After integrating Narendra, CP of the inverter has been improved in both simple and complex situations. For grid connected inverter power supply systems with a single inverter structure, current control mode needs to be adopted for inverter control during grid connected operation to meet the requirements of the power grid35,36,37 and grid load for power quality. The voltage of the local load is approximately the grid voltage. When the power system switches to independent load operation due to grid abnormalities or other reasons, the inverter control must adopt a voltage control mode to meet the requirements of the load on the power supply voltage waveform, amplitude, and frequency. Therefore, this type of system not only needs to have two control and operation modes, but also must have a switching function between two operation modes and two control modes. Moreover, for sensitive and important loads, it is necessary to maintain continuous power supply and stable voltage during the operation mode switching process to meet the load’s requirements for power supply quality. However, there are still some shortcomings that need to be improved. The dynamic response of the control system will be affected by the initial values of adjustable parameters, which will affect the construction of the adaptive controller. During the algorithm validation process, its harmonic distortion rate is high, its stability is poor, and it is not enough to face complex working situations. ADRC is a kind of controller, which can control the system without precise mathematical model or prior knowledge. Compared with the traditional control methods, ADRC can adjust adaptively according to the changes of the system, rather than relying on the accurate mathematical model, which makes ADRC more robust. ADRC also has the advantages of high adaptive degree, high control precision and easy realization. In view of this, ADRC idea is introduced to improve the inverter’s CP. Figure 4 shows the main framework of ADRC technology.

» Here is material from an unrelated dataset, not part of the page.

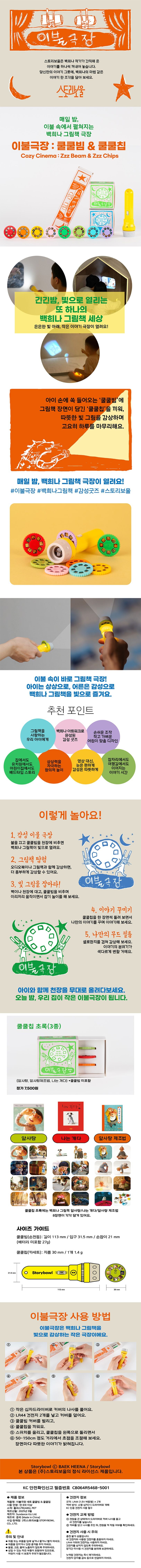 아이 손에 쏙 들어오는 ‘쿨쿨빔’에 그림책 장면이 담긴 ‘쿨쿨칩’을 끼워, 따뜻한 빛 그림을 감상하며 고요히 하루를 마무리해요.

Main framework of ADRC technology.

ADRC is a nonlinear control system used to control industrial processes. It combines nonlinear control technology with modern control theory to achieve better control effects by observing, compensating, and adjusting the controlled object. In Fig. 3, ADRC consists of three main parts: tracking differentiator, extended State observer and nonlinear state error feedback control law. A tracking differentiator is a function that decomposes errors and their rate of change into a series of signals. These signals are called differentials and are used as sources of estimation error. By processing these signals, real-time compensation and adjustment of errors can be achieved38. The extended state observer is a nonlinear control system composed of multiple filters and observers. Through these filters, the state of the controlled object can be observed in real-time and possible future changes can be estimated to eliminate or mitigate the impact of external interference and internal parameter changes on control effectiveness. The nonlinear state error feedback control law can decompose errors and error rate of change into smaller and simpler signals, and implement them in the controller. These signals can be used as compensation signals or as a way to eliminate interference, thereby improving control effectiveness39.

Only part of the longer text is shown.